GPie: Gaussian Process tiny explorer

Project description

GPie

Language Python PyPI License Last Commit

Gaussian Process tiny explorer

  • simple: an intuitive syntax inspired by scikit-learn
  • powerful: a compact core of expressive abstractions
  • extensible: a modular design for effortless composition
  • lightweight: a minimal set of dependencies {standard library, numpy, scipy}

This is a ongoing research project with many parts currently under construction - please expect bugs and sharp edges.

Features

  • several "avant-garde" kernels such as spectral kernel and neural kernel allow for exploration of new ideas
  • each kernel implements anisotropic variant besides isotropic one to support automatic relevance determination
  • a full-fledged toolkit of kernel operators enables all sorts of "kernel engineering", for example, handcrafting composite kernels based on expert knowledge or exploiting special structure of datasets
  • core computations such as likelihood and gradient are carefully formulated for speed and stability
  • sampling inference embraces a probabilistic perspective in learning and prediction to promote robustness
  • Bayesian optimizer offers a principled strategy to optimize expensive and black-box objectives globally

Functionality

  • kernel functions
    • white kernel
    • constant kernel
    • radial basis function kernel
    • rational quadratic kernel
    • Matérn kernel
      • Ornstein-Uhlenbeck kernel
    • periodic kernel
    • spectral kernel
    • neural kernel
  • kernel operators
    • Hadamard (element-wise)
      • sum
      • product
      • exponentiation
    • Kronecker
      • sum
      • product
  • Gaussian process
    • regression
    • classification
  • t process
    • regression
    • classification
  • Bayesian optimizer
    • surrogate: Gaussian process, t process
    • acquisition: PI, EI, LCB, ES, KG
  • sampling inference
    • Markov chain Monte Carlo
      • Metropolis-Hastings
      • Hamiltonian + no-U-turn
    • simulated annealing
  • variational inference

Note: parts of the project in italic font are under construction.

Examples

Gaussian process regression on Mauna Loa CO2

In this example, we use Gaussian process to model the concentration of CO2 at Mauna Loa as a function of time.

# handcraft a composite kernel based on expert knowledge
# long-term trend
k1 = 30.0**2 * RBFKernel(l=200.0)
# seasonal variations
k2 = 3.0**2 * RBFKernel(l=200.0) * PeriodicKernel(p=1.0, l=1.0)
# medium-term irregularities
k3 = 0.5**2 * RationalQuadraticKernel(m=0.8, l=1.0)
# noise
k4 = 0.1**2 * RBFKernel(l=0.1) + 0.2**2 * WhiteKernel()
# composite kernel
kernel = k1 + k2 + k3 + k4
# train GPR on data
gpr = GaussianProcessRegressor(kernel=kernel)
gpr.fit(X, y)

alt text In the plot, scattered dots represent historical observations, and shaded area shows the predictive interval (μ - σ, μ + σ) prophesied by a Gaussian process regressor trained on the historical data.

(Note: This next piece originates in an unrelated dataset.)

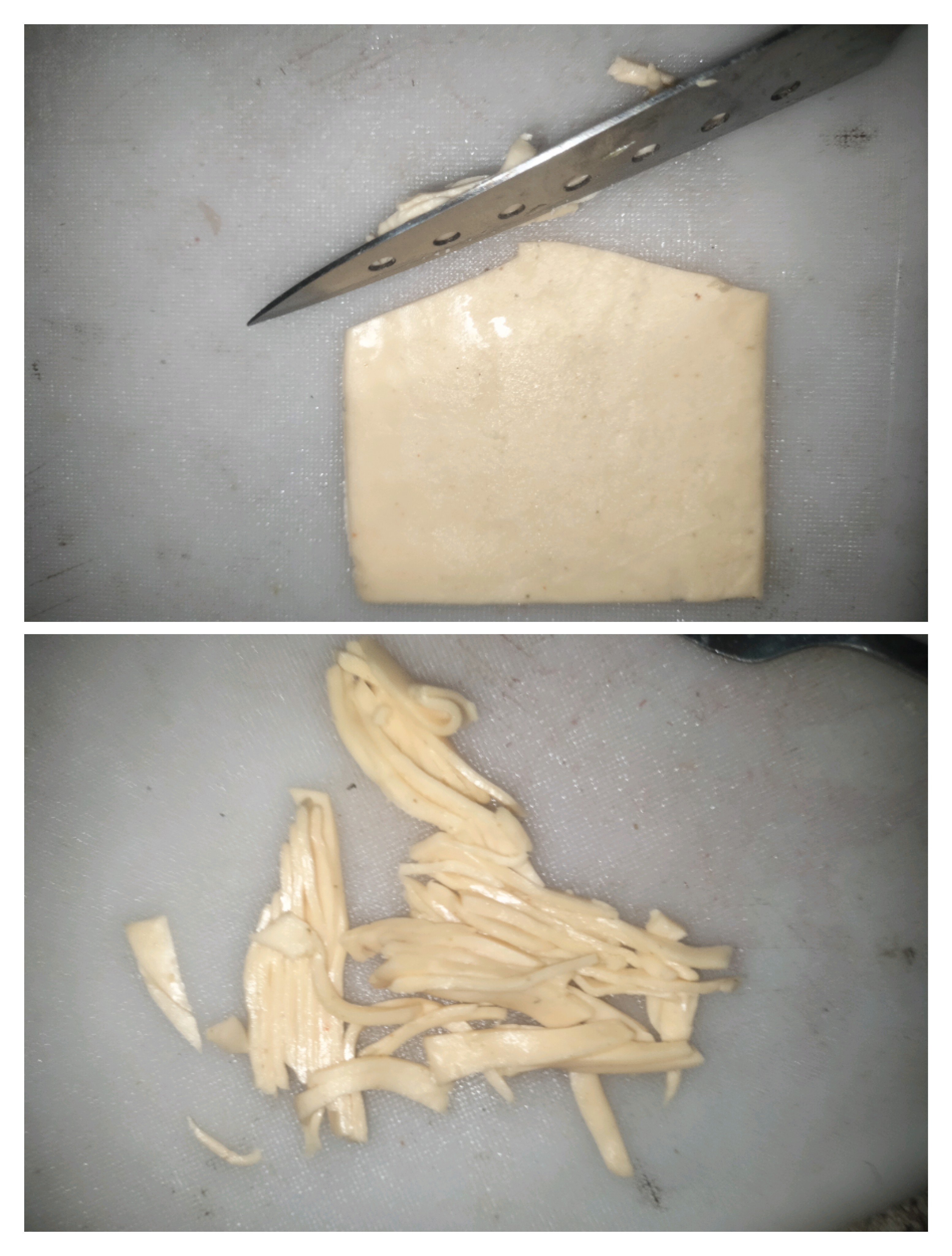 এরপর আমি একটা চিজ চিকন চিকন করে টুকরো করে কেটে নিলাম।

Sampling inference for Gaussian process regression

Here we use a synthesized dataset for ease of illustration and investigate sampling inference techniques such as Markov chain Monte Carlo. As a Gaussian process defines the predictive distribution, we can get a sense of it by sampling from its prior distribution (before seeing training set) and posterior distribution (after seeing training set).

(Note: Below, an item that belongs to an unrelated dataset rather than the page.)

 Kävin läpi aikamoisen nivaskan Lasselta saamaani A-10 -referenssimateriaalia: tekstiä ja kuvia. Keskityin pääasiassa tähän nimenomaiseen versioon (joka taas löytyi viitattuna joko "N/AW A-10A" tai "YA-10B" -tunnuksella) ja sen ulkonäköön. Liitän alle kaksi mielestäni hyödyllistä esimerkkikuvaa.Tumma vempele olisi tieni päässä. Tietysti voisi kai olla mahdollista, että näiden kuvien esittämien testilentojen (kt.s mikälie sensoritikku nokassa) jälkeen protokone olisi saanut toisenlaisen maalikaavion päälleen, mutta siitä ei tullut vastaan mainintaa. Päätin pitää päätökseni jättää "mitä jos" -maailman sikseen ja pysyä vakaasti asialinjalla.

# with the current hyperparameter configuration,
# ... what is the prior distribution p(y_test)
y_prior = gpr.prior_predictive(X, n_samples=6)
# ... what is the posterior distribution p(y_test|y_train)
y_posterior = gpr.posterior_predictive(X, n_samples=4)

alt text alt text

We can also sample from the posterior distribution of a hyperparameter, which characterizes its uncertainty beyond a single point estimate such as MLE or MAP.

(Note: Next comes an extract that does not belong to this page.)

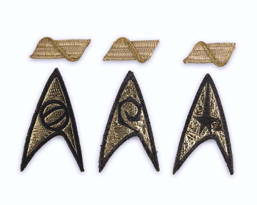 Three <I>Original Series</I>-style <I>Enterprise</I> arrowhead "vector" emblems with two bands one command one sciences [unused] and one Engineering, several smaller pieces of cuff braid and one length of gold trim -- all made for "Trials and Tribble-ations" in <I>Star Trek: Deep Space Nine</I>, except for the gold trim, which was … |

# invoke MCMC sampler to sample hyper values from its posterior distribution
hyper_posterior = gpr.hyper_posterior(n_samples=10000)

alt text

Bayesian optimization

We demonstrate a simple example of Bayesian optimization. It starts by exploring the objective function globally and shifts to exploiting "promising areas" as more observations are made.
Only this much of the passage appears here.